* EXERCISE REQUIREMENTS:
Everything in the records must be copied exactly except the pictures.

* DATA SECTION:
--

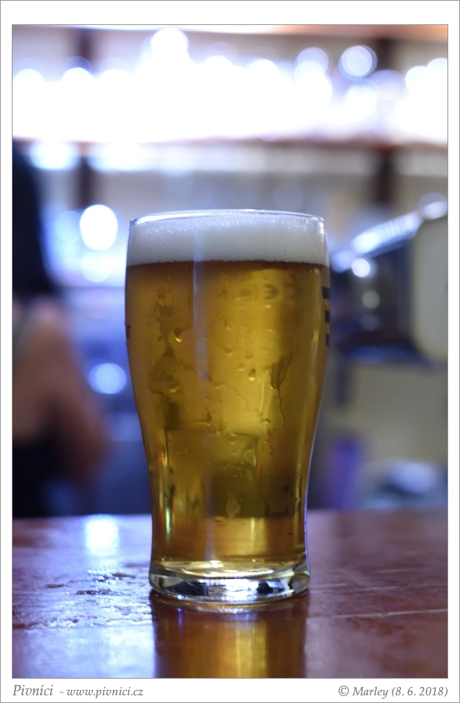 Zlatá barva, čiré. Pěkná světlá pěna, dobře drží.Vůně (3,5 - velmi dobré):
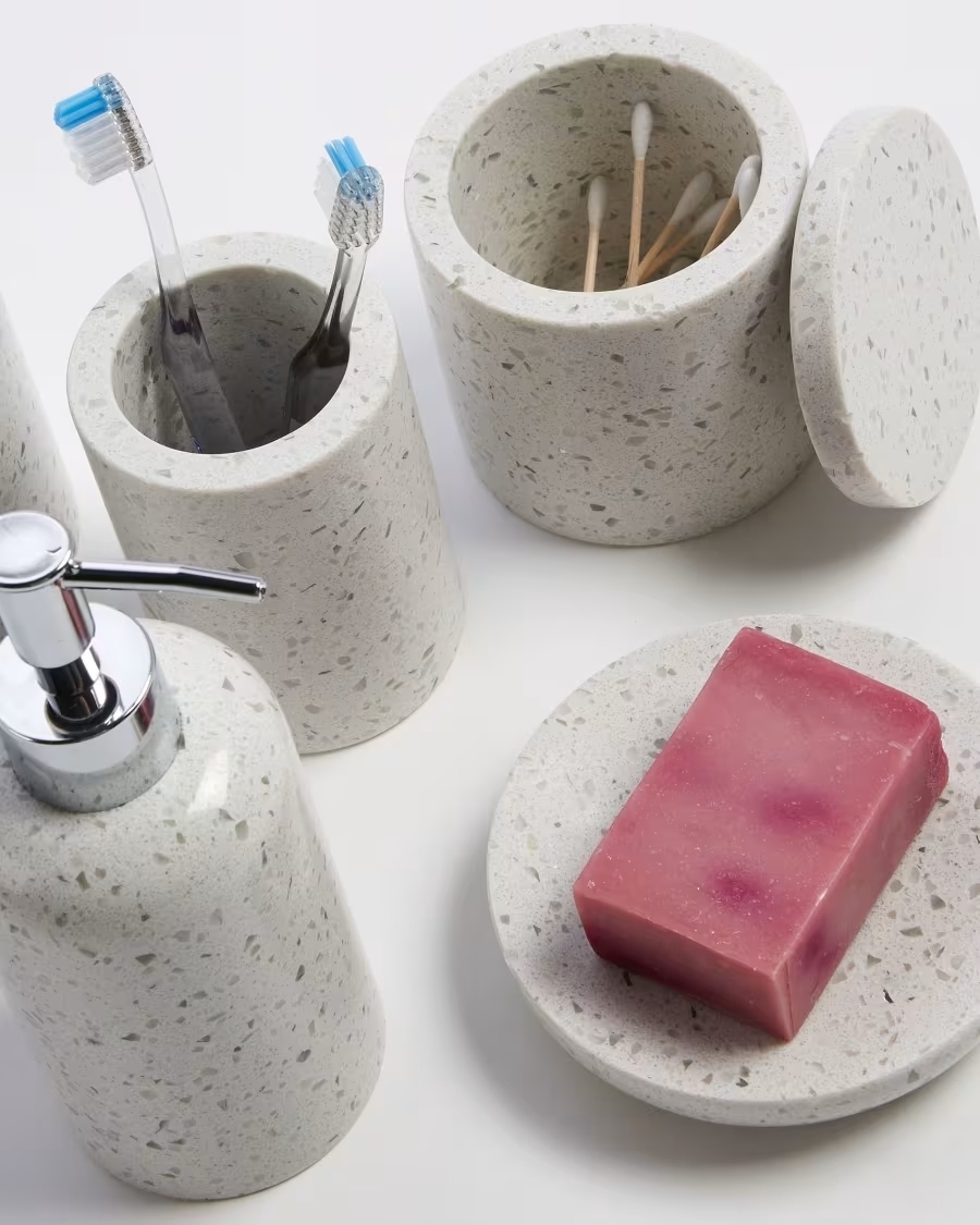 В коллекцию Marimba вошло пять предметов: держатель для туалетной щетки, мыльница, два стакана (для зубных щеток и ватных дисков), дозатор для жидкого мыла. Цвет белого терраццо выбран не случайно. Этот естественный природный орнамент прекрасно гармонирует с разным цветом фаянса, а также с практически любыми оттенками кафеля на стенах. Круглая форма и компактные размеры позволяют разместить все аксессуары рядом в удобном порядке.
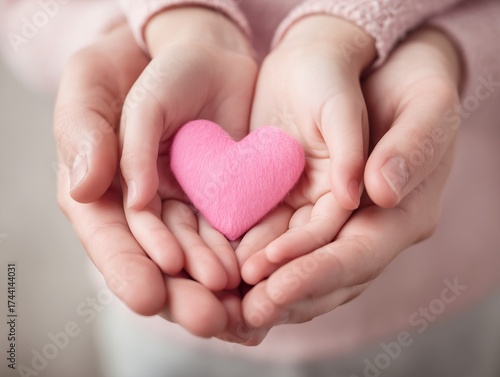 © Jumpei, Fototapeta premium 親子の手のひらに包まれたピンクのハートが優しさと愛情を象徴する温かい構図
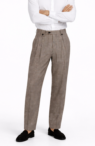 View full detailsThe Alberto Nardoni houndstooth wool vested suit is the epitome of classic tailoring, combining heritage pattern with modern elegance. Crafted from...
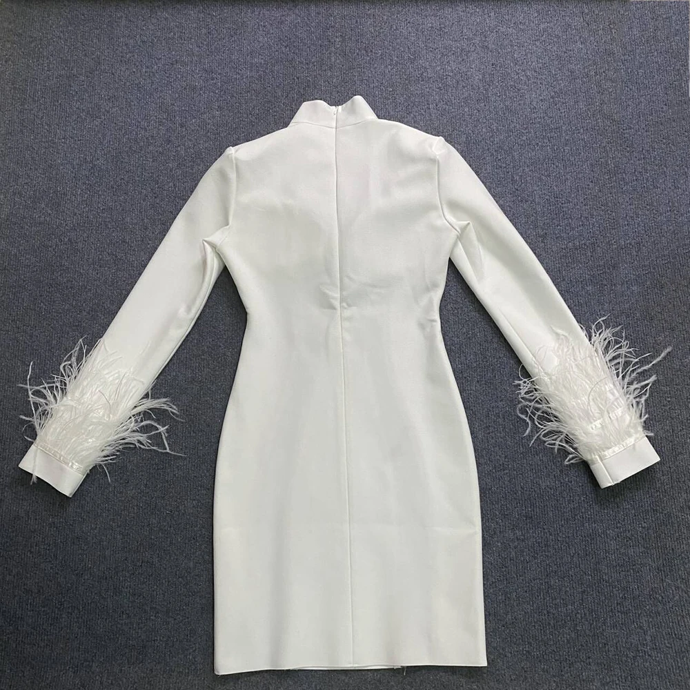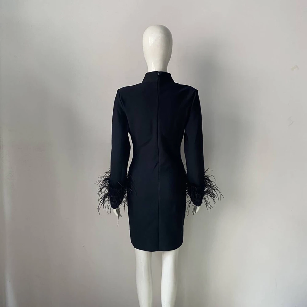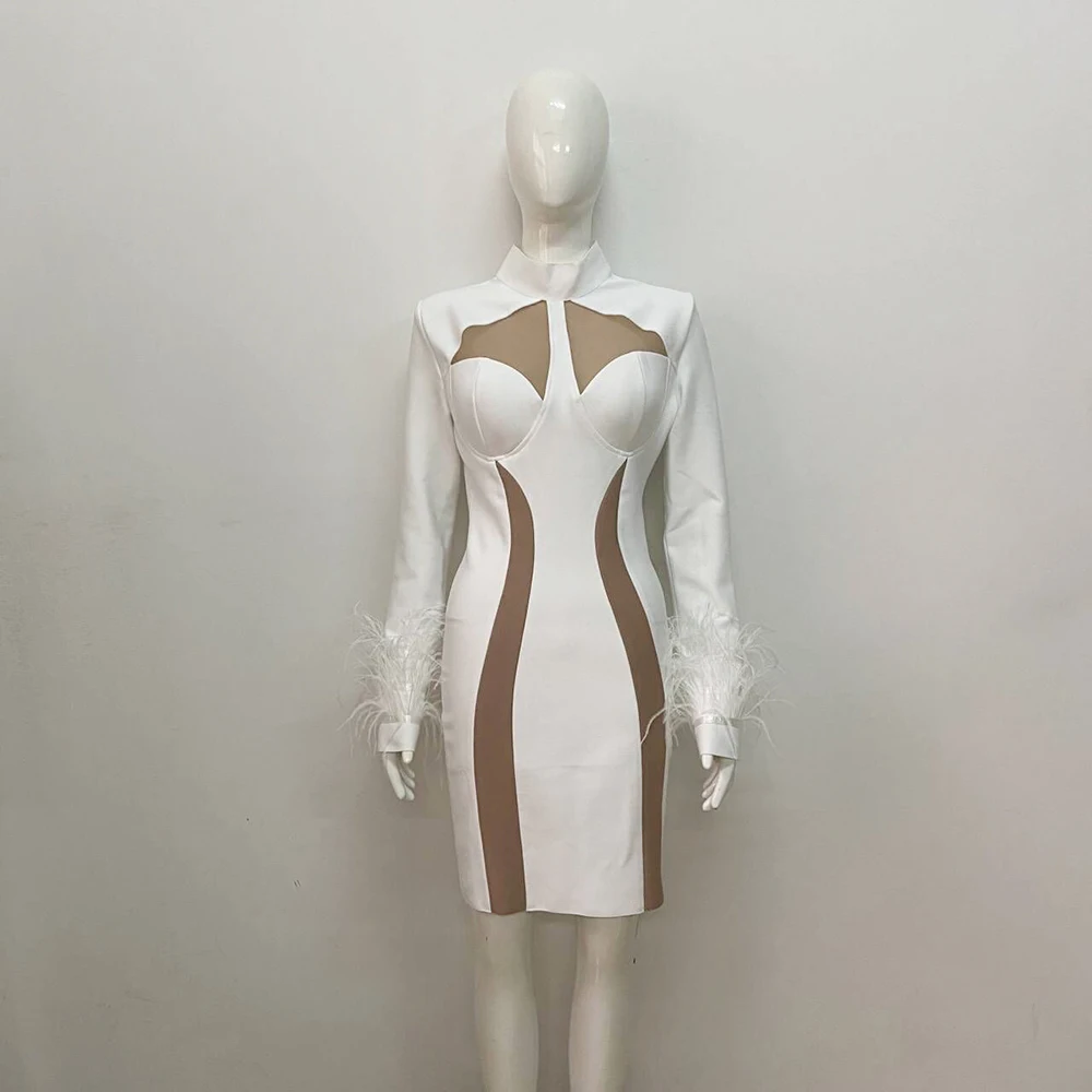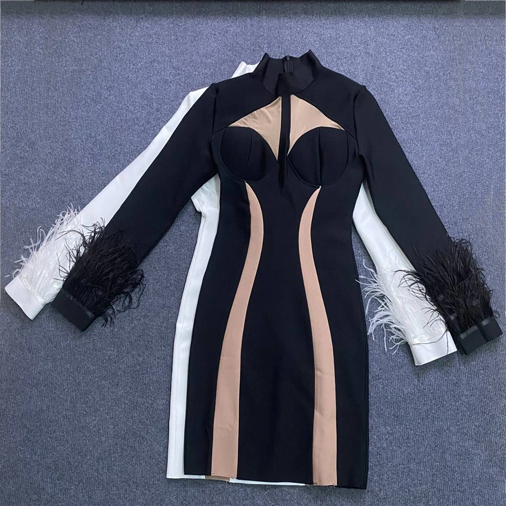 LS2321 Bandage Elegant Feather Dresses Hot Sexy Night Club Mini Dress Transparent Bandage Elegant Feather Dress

--

* RESULT OF THE TASK:
 Zlatá barva, čiré. Pěkná světlá pěna, dobře drží.Vůně (3,5 - velmi dobré):
 В коллекцию Marimba вошло пять предметов: держатель для туалетной щетки, мыльница, два стакана (для зубных щеток и ватных дисков), дозатор для жидкого мыла. Цвет белого терраццо выбран не случайно. Этот естественный природный орнамент прекрасно гармонирует с разным цветом фаянса, а также с практически любыми оттенками кафеля на стенах. Круглая форма и компактные размеры позволяют разместить все аксессуары рядом в удобном порядке.
 © Jumpei, Fototapeta premium 親子の手のひらに包まれたピンクのハートが優しさと愛情を象徴する温かい構図
 View full detailsThe Alberto Nardoni houndstooth wool vested suit is the epitome of classic tailoring, combining heritage pattern with modern elegance. Crafted from...
 LS2321 Bandage Elegant Feather Dresses Hot Sexy Night Club Mini Dress Transparent Bandage Elegant Feather Dress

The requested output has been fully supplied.